PNECs are seen as pivotal chemo-sensitive cells in detecting various chemical and physical stimuli in the airways (Cutz et al., 2013; Poirier et al., 2020). Their roles extend to regulating airway tone, mucociliary clearance, and contributing to bronchial hyperresponsiveness and asthma development (Xu et al., 2020; Hewitt and Lloyd, 2021; Mou et al., 2021; Kuo et al., 2022). PNECs can secrete hormones and signaling molecules as a component of the endocrine system, owing to their derivation from neuroendocrine progenitor cells located in the airway epithelium (Garg et al., 2019). These hormones have multiple downstream effects, including inducing epinephrine and cortisol and managing mucus production and inflammatory responses (Li et al., 2023). Recent research has associated PNECs with lung cancer development, specifically small cell lung cancer (SCLC), the most aggressive type (Schuller et al., 2003). PNECs are considered as the cell origin for SCLC, and this association is believed to arise from alterations in the genes or signaling pathways commonly found in SCLC that regulate PNECs growth and differentiation, such as RB, TP53 and NOTCH (Chen et al., 2019).

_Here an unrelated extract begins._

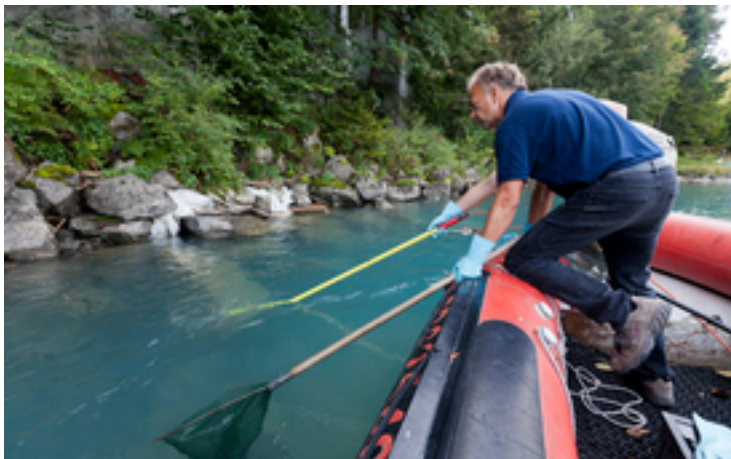
Such natural steep banks, here on Lake Brienz, provide habitats and refuges for numerous fish species. In Projet Lac, targeted fishing was also carried out here.

Recent studies have suggested PNECs also interact with the brain, affecting physiological functions like breath and heart rate (Kuo et al., 2022). This communication occurs through the vagus nerve, a long nerve connecting the brain to the lung and abdomen and influencing various bodily functions. When stimulated, PNECs secrete various neuropeptides. These neuropeptides then traverse through the vagus nerve to reach the brain, where they modulate the brainstem centers responsible for regulating respiration (Branchfield et al., 2016). Furthermore, PNECs can communicate with the brain through the bloodstream, with hormones like CGRP enhancing brain blood flow and cognitive function (Gu et al., 2014). This interaction is a vital part of the body’s homeostatic control system, maintaining internal stability amidst external environmental changes. Hypoxia can prompt PNECs to signal the brain, increasing the breathing rate to ensure adequate oxygen supply (Branchfield et al., 2016; Li et al., 2023). Despite their rarity in the lungs, PNECs play crucial roles in diverse physiological and pathological conditions, marking them as a significant research area. Their involvement in various lung health and disease aspects, serving as a vital link between the lung and brain, will be explored further in subsequent sections.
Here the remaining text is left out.